Collected data
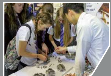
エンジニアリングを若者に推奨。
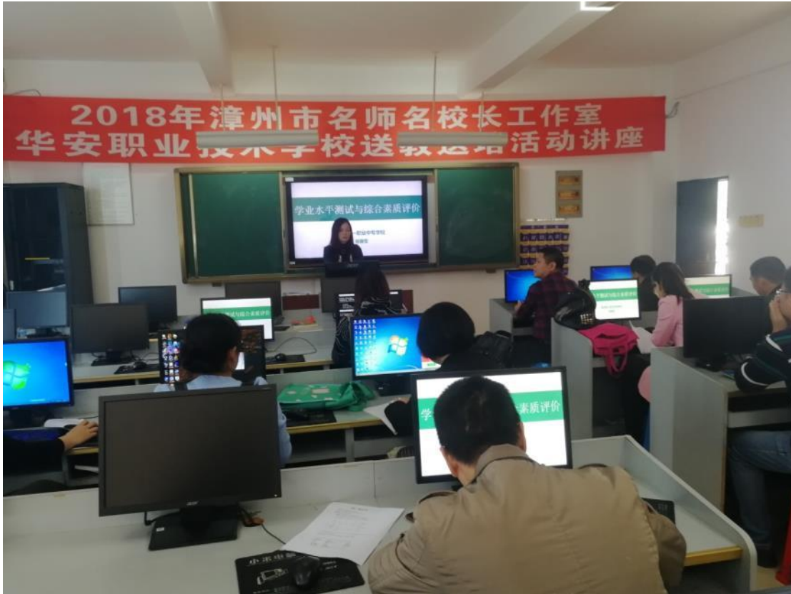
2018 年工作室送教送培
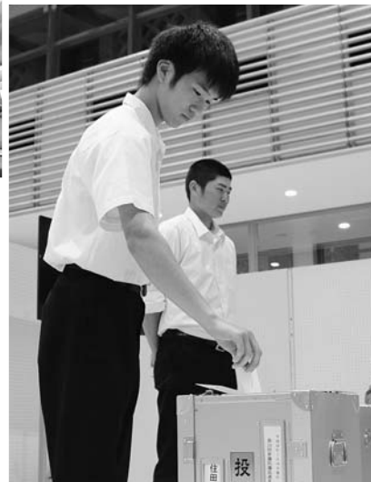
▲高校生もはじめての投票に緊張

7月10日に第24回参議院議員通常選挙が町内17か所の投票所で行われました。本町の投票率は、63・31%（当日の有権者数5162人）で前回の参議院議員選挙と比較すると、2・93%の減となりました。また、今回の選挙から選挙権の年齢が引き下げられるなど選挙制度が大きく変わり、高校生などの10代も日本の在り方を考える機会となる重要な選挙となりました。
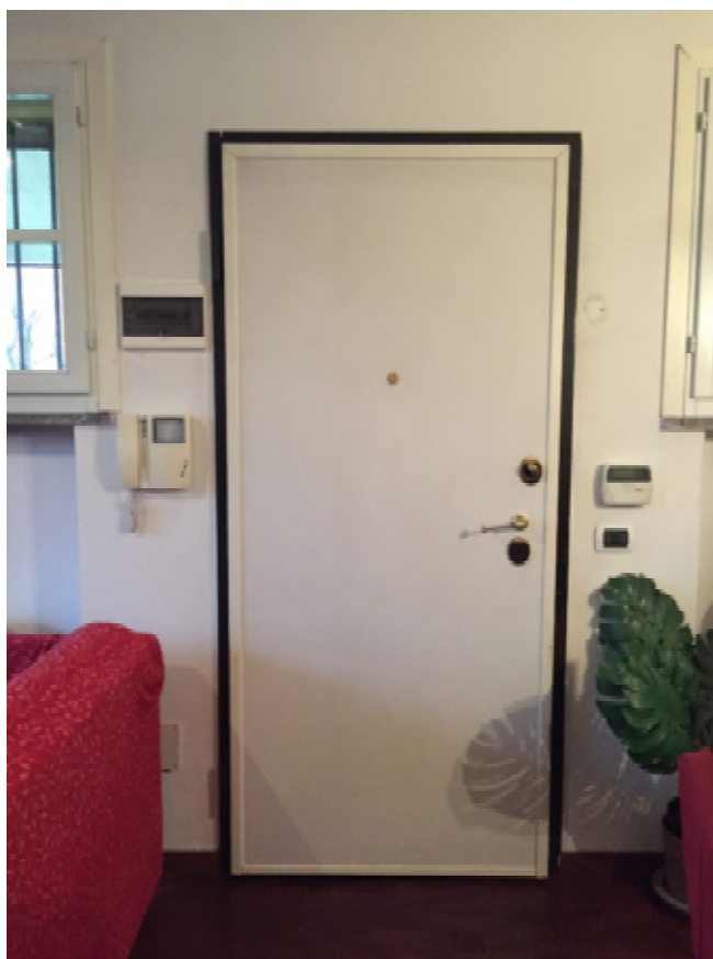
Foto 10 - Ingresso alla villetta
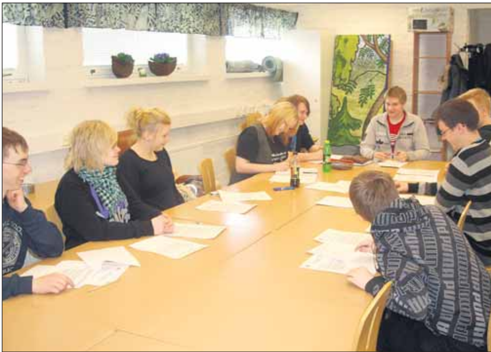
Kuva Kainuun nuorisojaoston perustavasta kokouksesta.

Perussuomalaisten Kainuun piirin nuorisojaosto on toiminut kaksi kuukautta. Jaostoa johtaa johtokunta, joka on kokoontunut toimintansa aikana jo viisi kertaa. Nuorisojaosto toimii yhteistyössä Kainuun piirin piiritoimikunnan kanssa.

* TASK DESCRIPTION
Please reproduce the entries from above exactly; images are not part of the copy.

* ANSWER FOR THE TASK
エンジニアリングを若者に推奨。
2018 年工作室送教送培
▲高校生もはじめての投票に緊張

7月10日に第24回参議院議員通常選挙が町内17か所の投票所で行われました。本町の投票率は、63・31%（当日の有権者数5162人）で前回の参議院議員選挙と比較すると、2・93%の減となりました。また、今回の選挙から選挙権の年齢が引き下げられるなど選挙制度が大きく変わり、高校生などの10代も日本の在り方を考える機会となる重要な選挙となりました。
Foto 10 - Ingresso alla villetta
Kuva Kainuun nuorisojaoston perustavasta kokouksesta.

Perussuomalaisten Kainuun piirin nuorisojaosto on toiminut kaksi kuukautta. Jaostoa johtaa johtokunta, joka on kokoontunut toimintansa aikana jo viisi kertaa. Nuorisojaosto toimii yhteistyössä Kainuun piirin piiritoimikunnan kanssa.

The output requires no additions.